--- AVAILABLE DATA Enclosed Below ---
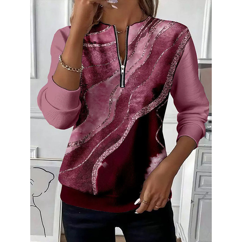 Women's Pullover Sweatshirt Zip Up Sweatshirts Graphic Abstract Fashion Casual Long Sleeve Crew Neck Regular Tops Street Dailywear Zipper Print Red Blue Purple Brown Green Fall Winter
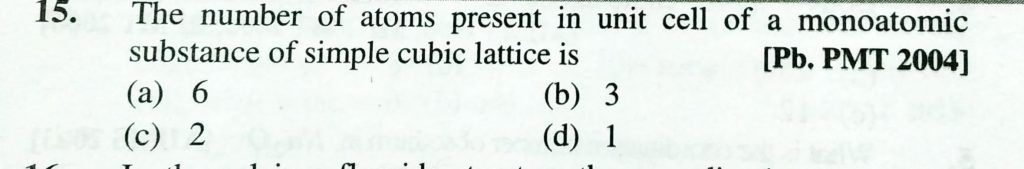 The number of atoms present in unit cell of a monoatomic substance of simple cubic lattice is (a) 6 (b) 3 (c) 2 (d) 1 The number of atoms present in unit cell of a monoatomic substance of simple cubic lattice is (a) 6 (b) 3 (c) 2 (d) 1 February 9, 2021 Category: Uncategorised (JEE Advanced Physics by BM Sharma + GMP Solutions) , Facebook Messenger WhatsApp Share this:TwitterFacebook Related
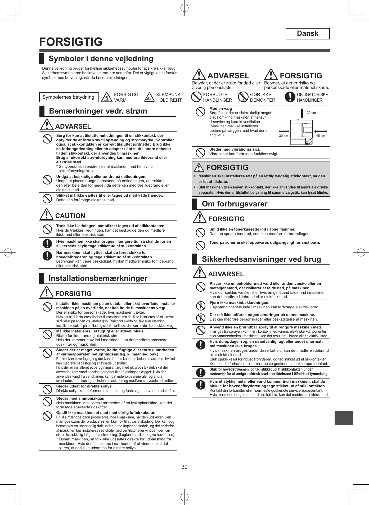Se ikke direkte ind i lyskilden. Det kan medføre øjenskader. Dæk ikke maskinens ventilationshuller til. Installer ikke maskinen på et sted, der dækker ventilationshullerne til. Hvis ventilationshullerne dækkes til, kan det overophede maskinen og medføre risiko for ildebrand. Fuserenheden og papirudlægningsområdet er varme. Når du fjerner fastkørt papir, må du ikke røre ved fuserenheden og papirudlægningsområdet. Pas på ikke at brænde dig selv. Når du lægger papir i maskinen, fjerner fastkørt papir, foretager vedligeholdelse, lukker lågerne foran og på siden samt sætter bakker i og tager dem ud, skal du passe på ikke at få fingrene i klemme.
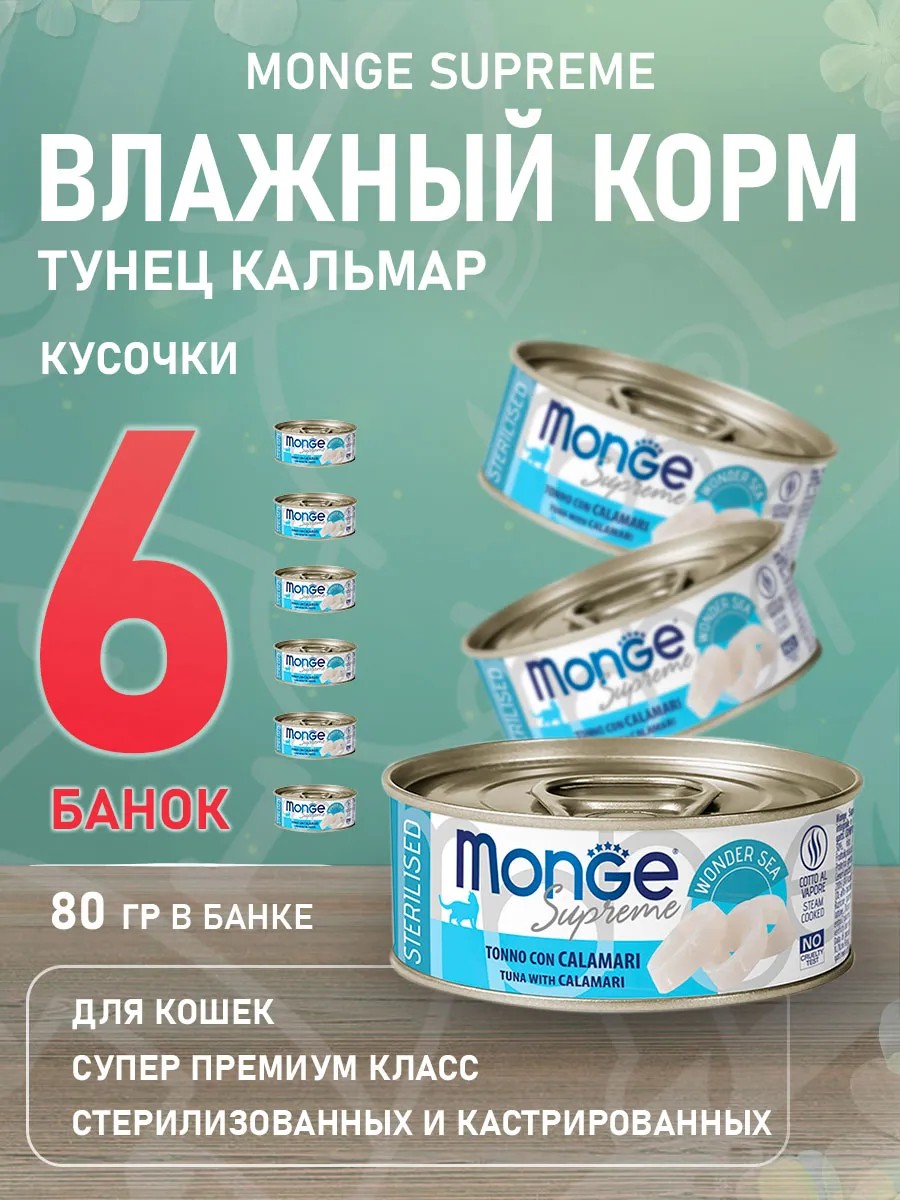 MONGE Корм Supreme стерилизованных кошек тунец кальмар 80 г 6 шт
--- End of Enclosed AVAILABLE DATA ---
__EXERCISE DESCRIPTION__: Without the pictures, retype all of the data above exactly.

__ANSWER TO THE PROBLEM__:
 Women's Pullover Sweatshirt Zip Up Sweatshirts Graphic Abstract Fashion Casual Long Sleeve Crew Neck Regular Tops Street Dailywear Zipper Print Red Blue Purple Brown Green Fall Winter
 The number of atoms present in unit cell of a monoatomic substance of simple cubic lattice is (a) 6 (b) 3 (c) 2 (d) 1 The number of atoms present in unit cell of a monoatomic substance of simple cubic lattice is (a) 6 (b) 3 (c) 2 (d) 1 February 9, 2021 Category: Uncategorised (JEE Advanced Physics by BM Sharma + GMP Solutions) , Facebook Messenger WhatsApp Share this:TwitterFacebook Related
Se ikke direkte ind i lyskilden. Det kan medføre øjenskader. Dæk ikke maskinens ventilationshuller til. Installer ikke maskinen på et sted, der dækker ventilationshullerne til. Hvis ventilationshullerne dækkes til, kan det overophede maskinen og medføre risiko for ildebrand. Fuserenheden og papirudlægningsområdet er varme. Når du fjerner fastkørt papir, må du ikke røre ved fuserenheden og papirudlægningsområdet. Pas på ikke at brænde dig selv. Når du lægger papir i maskinen, fjerner fastkørt papir, foretager vedligeholdelse, lukker lågerne foran og på siden samt sætter bakker i og tager dem ud, skal du passe på ikke at få fingrene i klemme.
 MONGE Корм Supreme стерилизованных кошек тунец кальмар 80 г 6 шт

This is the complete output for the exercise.